The data –
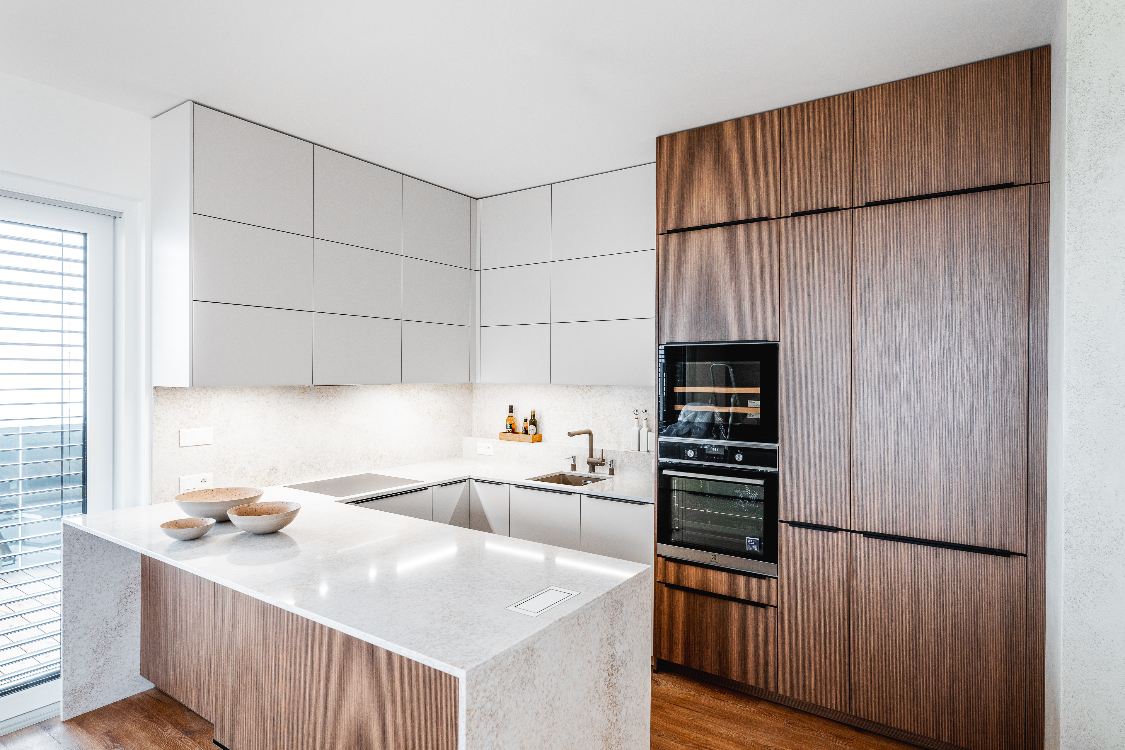 Kuchyně s ohledem na materiály a odstíny byla zvolena od našeho německého dodavatele zn. Schüller.
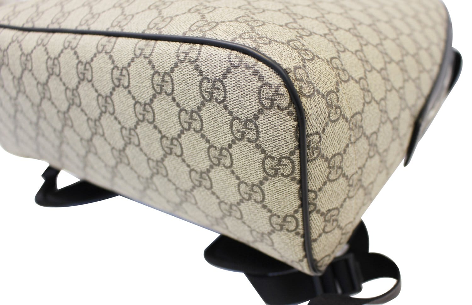 Gucci the Web is found along the front of a GG Supreme canvas backpack, trimmed with black leather. This style is equipped with mesh-lined shoulder straps and interior pockets for smartphone and tablet.
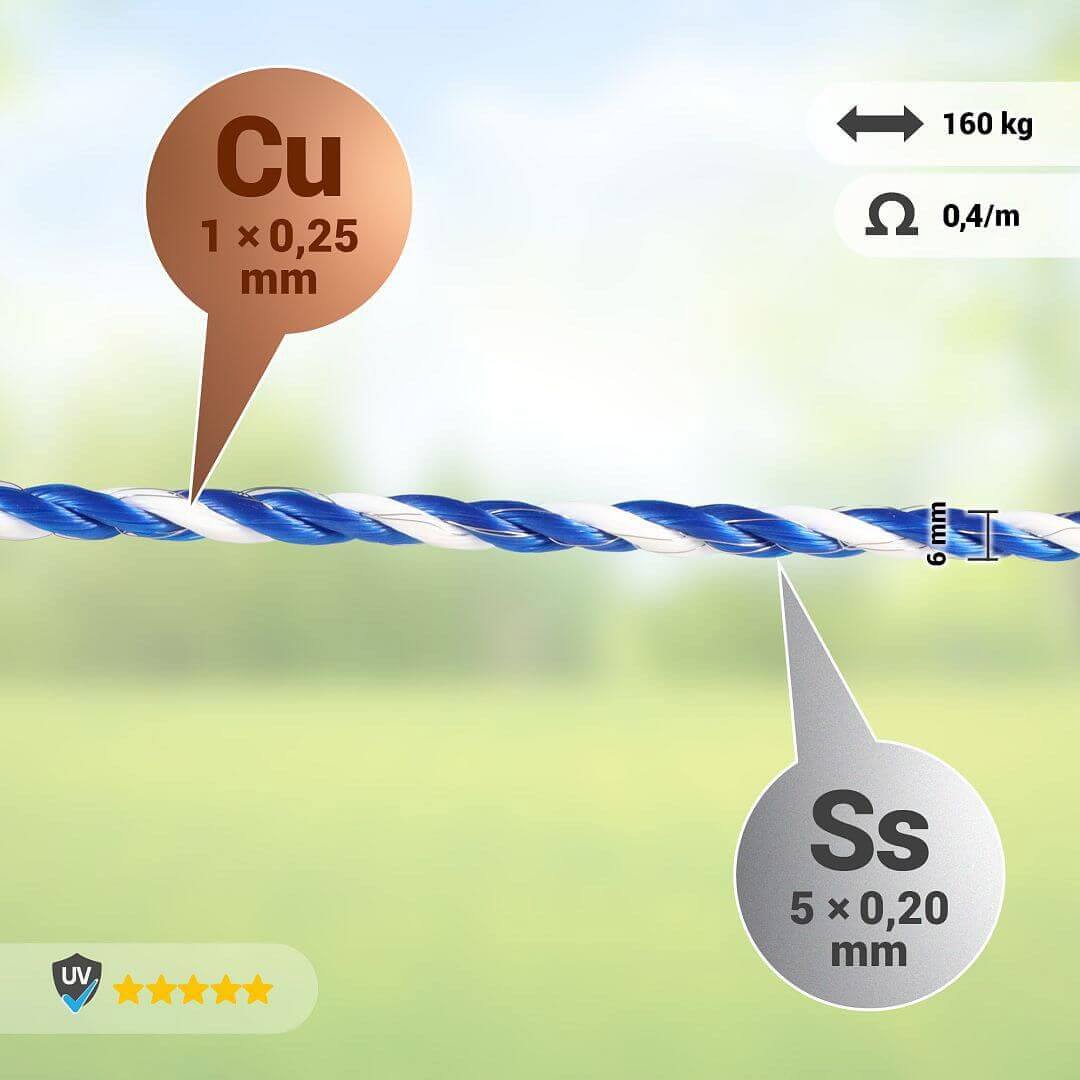 Cechy produktu Zestaw z liną ogrodzeniową 6 mm 0,4 Ω/m + podwójne złącza + znaki ostrzegawcze

Instructions to follow – Nothing should appear in the answer except the lines from the first line of the data through the line holding "Gucci the Web", exactly as written, with pictures left out.

Solution to the exercise –
 Kuchyně s ohledem na materiály a odstíny byla zvolena od našeho německého dodavatele zn. Schüller.
 Gucci the Web is found along the front of a GG Supreme canvas backpack, trimmed with black leather. This style is equipped with mesh-lined shoulder straps and interior pockets for smartphone and tablet.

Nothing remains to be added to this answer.